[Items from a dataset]
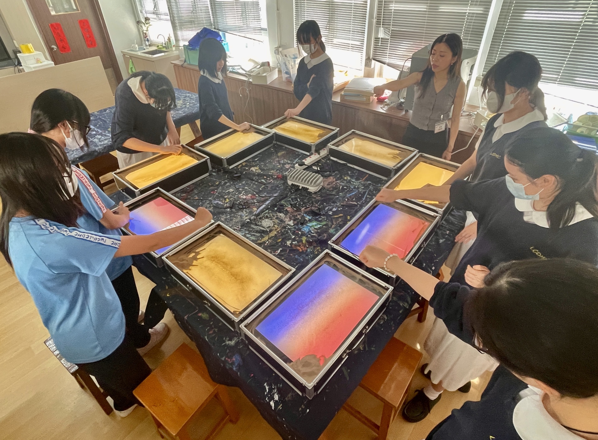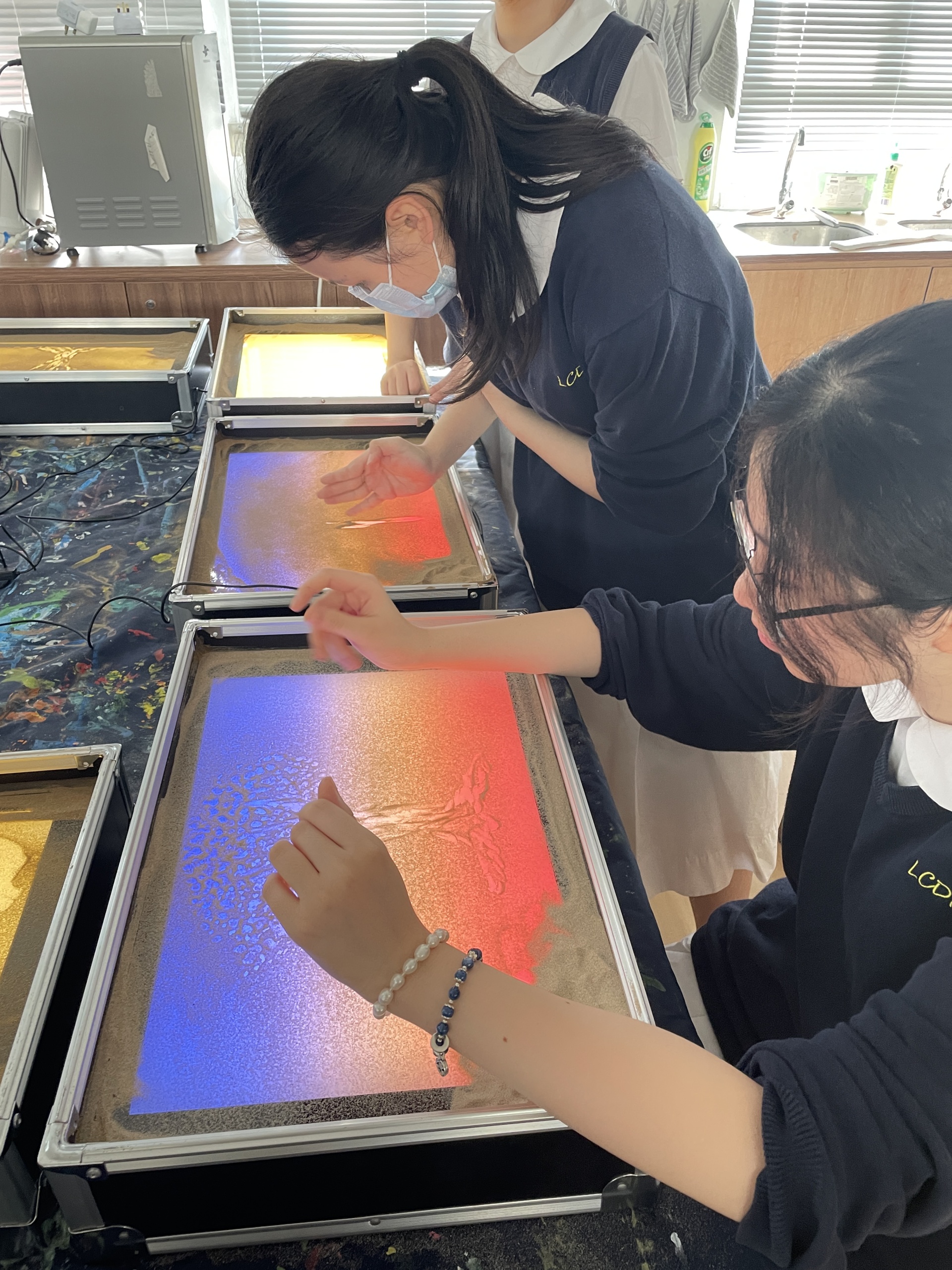 為55周年校慶晚會表演準備,讓 9 位中二及中五的學生及 1 位老師掌握以沙畫表演技巧,同時接觸獨特的藝術媒介,作出別出心裁的表演項目。
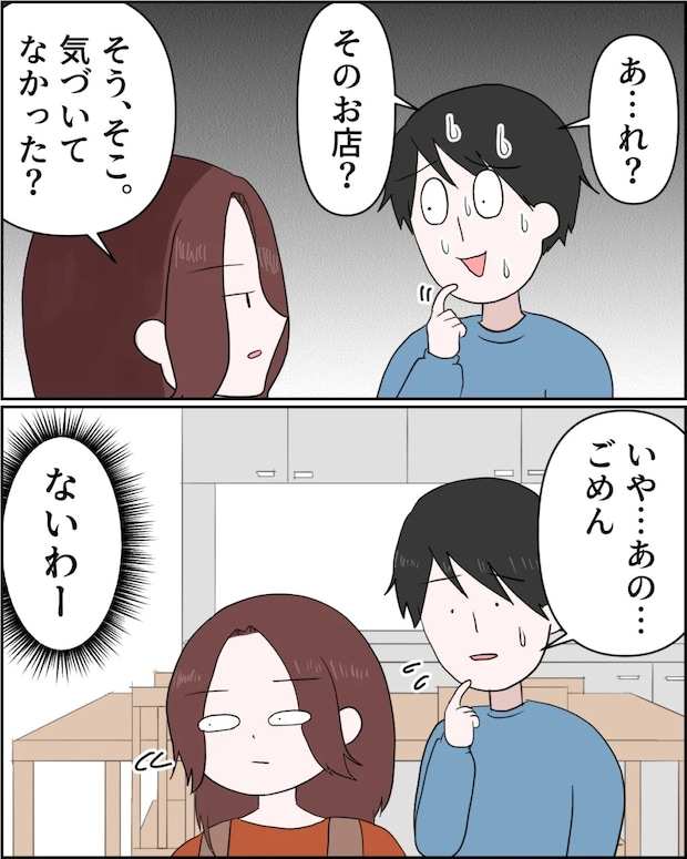 「あ・・れ?そのお店?」と焦った様子でそう言われ、「そう、そこ。気づいてなかった?」真顔でそう言う私に「いや・・あの・・ごめん」謙介が謝るも完全にスルー。「ないわー」と心の中で呟くのでした。
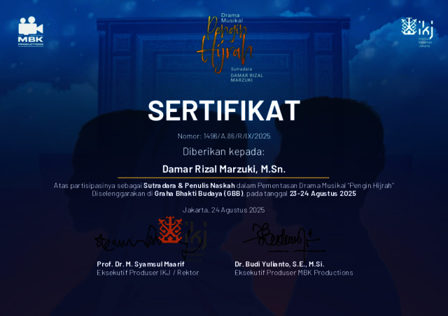 Marzuki, Damar Rizal (2025) Sertifikat Sutradara & Penulis Naskah Drama Musikal Pengin Hijrah. Institut Kesenian Jakarta.
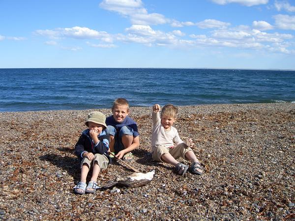 Dafür gibt es hier in der Bucht jede Menge netter Leute aus Deutschland und aus der Schweiz. Wir unterhalten uns viel und bekommen einige wertvolle Tipps. Elias hat ein paar Kinder zum Spielen gefunden und tummelt sich mit ihnen den ganzen Tag am Strand herum. Da gibt es zwar keine Wale zu sehen, dafür aber tote Seevögel und Muscheln :-0
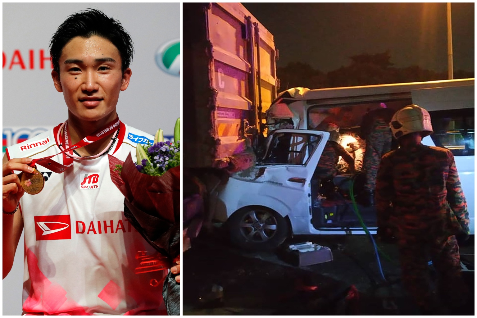 The Japanese shuttler and the three other passengers were en route to Kuala Lumpur International Airport when the hired van they were in rammed into the rear of a 30-tonne truck, the local fire and rescue department said in a brief statement. Pictures showed the front of the van crushed against a lorry but the back section appeared intact.
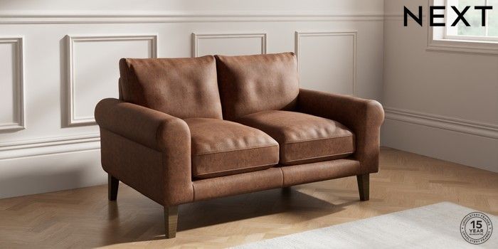 7.0.3 Buy Palermo Relaxed Sit 2 Seater Small Sofa Monza Faux Leather Easy Clean Chestnut Brown Tapered - Mid from the Next UK online shop Click here to use our accessible website
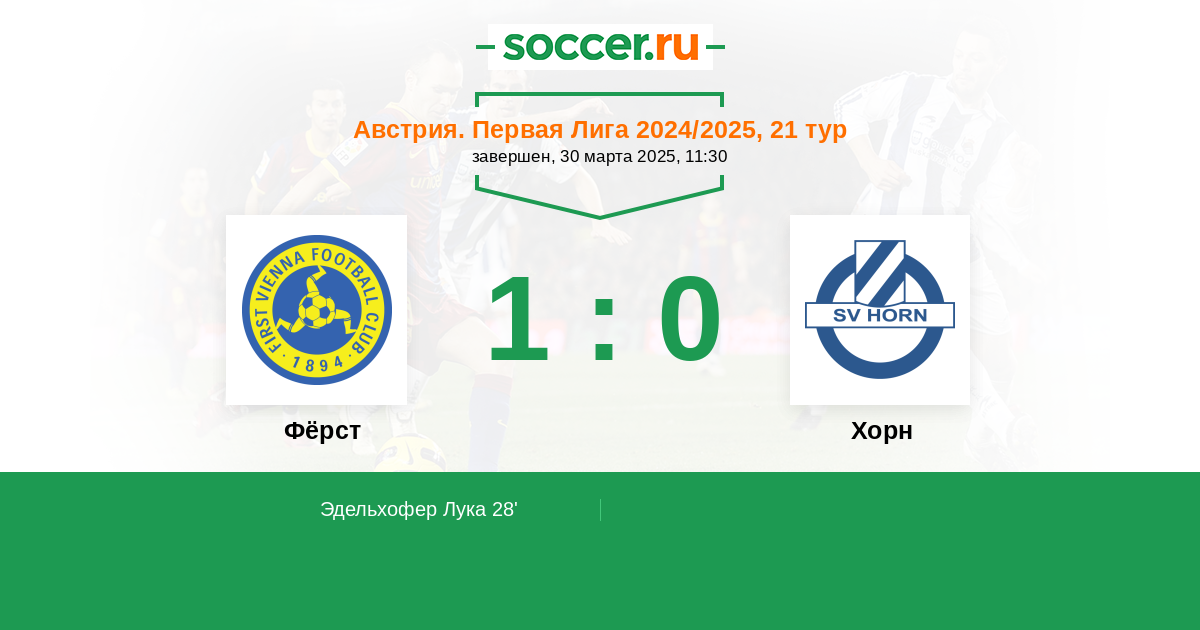 Протокол матча Фёрст против Хорн
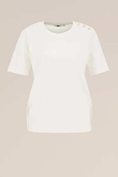 De strik -eh- knoop op je dag. Dit T-shirt heeft een regular fit, een ronde hals en korte mouwen. De gouden sierknopen op de schouder en de zachte stretchstof maken ‘m comfy, chic en alles ertussenin. Wedden dat je ‘m niet meer uit wilt trekken?
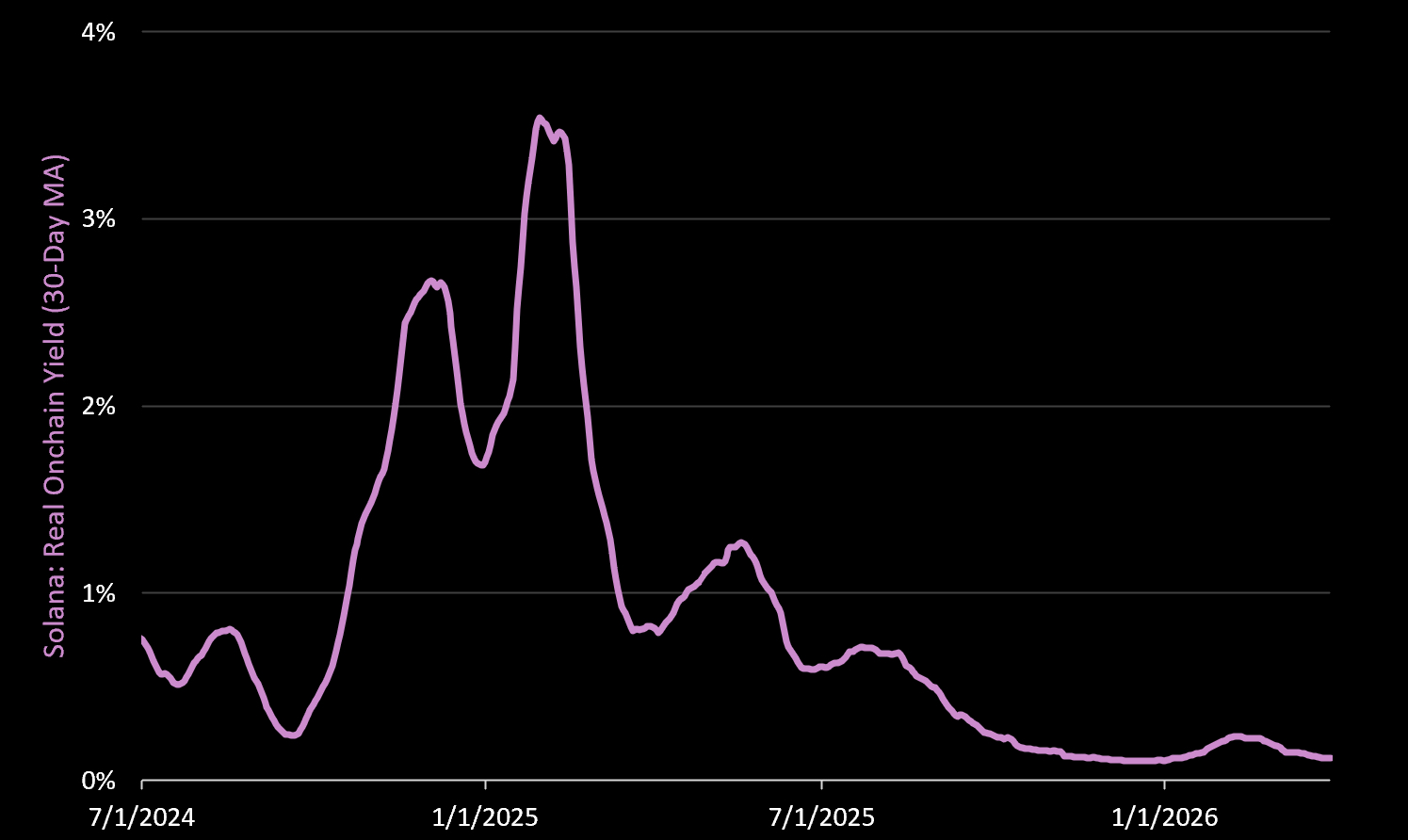 Solana 的核心理念是「快速 DeFi」。速度和周转率是网络费用的主要驱动因素。这也是 Solana 的实际收益率在 2024/2025 年持续高于以太坊的原因。我们认为,Solana 的速度最终将使其在风险偏好较高的环境中成为资本的磁石。这使得 SOL 成为一种反应极其灵敏、高贝塔系数的资产。
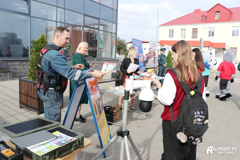 На площадке перед торговым центром «Универмаг» в этот день было особенно многолюдно. Здесь «развернулись» районные службы и структуры: РОЧС, РОВД, отдел охраны, производственный участок БДПО, Ошмянский район газоснабжения, районная организация Белорусского Красного Креста и энергогазинспекция Ошмянской РЭГИ.

**Requirement:** Having removed the pictures, write out the records exactly as they stand.

**Written response:**
 為55周年校慶晚會表演準備,讓 9 位中二及中五的學生及 1 位老師掌握以沙畫表演技巧,同時接觸獨特的藝術媒介,作出別出心裁的表演項目。
 「あ・・れ?そのお店?」と焦った様子でそう言われ、「そう、そこ。気づいてなかった?」真顔でそう言う私に「いや・・あの・・ごめん」謙介が謝るも完全にスルー。「ないわー」と心の中で呟くのでした。
 Marzuki, Damar Rizal (2025) Sertifikat Sutradara & Penulis Naskah Drama Musikal Pengin Hijrah. Institut Kesenian Jakarta.
 Dafür gibt es hier in der Bucht jede Menge netter Leute aus Deutschland und aus der Schweiz. Wir unterhalten uns viel und bekommen einige wertvolle Tipps. Elias hat ein paar Kinder zum Spielen gefunden und tummelt sich mit ihnen den ganzen Tag am Strand herum. Da gibt es zwar keine Wale zu sehen, dafür aber tote Seevögel und Muscheln :-0
 The Japanese shuttler and the three other passengers were en route to Kuala Lumpur International Airport when the hired van they were in rammed into the rear of a 30-tonne truck, the local fire and rescue department said in a brief statement. Pictures showed the front of the van crushed against a lorry but the back section appeared intact.
 7.0.3 Buy Palermo Relaxed Sit 2 Seater Small Sofa Monza Faux Leather Easy Clean Chestnut Brown Tapered - Mid from the Next UK online shop Click here to use our accessible website
 Протокол матча Фёрст против Хорн
 De strik -eh- knoop op je dag. Dit T-shirt heeft een regular fit, een ronde hals en korte mouwen. De gouden sierknopen op de schouder en de zachte stretchstof maken ‘m comfy, chic en alles ertussenin. Wedden dat je ‘m niet meer uit wilt trekken?
 Solana 的核心理念是「快速 DeFi」。速度和周转率是网络费用的主要驱动因素。这也是 Solana 的实际收益率在 2024/2025 年持续高于以太坊的原因。我们认为,Solana 的速度最终将使其在风险偏好较高的环境中成为资本的磁石。这使得 SOL 成为一种反应极其灵敏、高贝塔系数的资产。
 На площадке перед торговым центром «Универмаг» в этот день было особенно многолюдно. Здесь «развернулись» районные службы и структуры: РОЧС, РОВД, отдел охраны, производственный участок БДПО, Ошмянский район газоснабжения, районная организация Белорусского Красного Креста и энергогазинспекция Ошмянской РЭГИ.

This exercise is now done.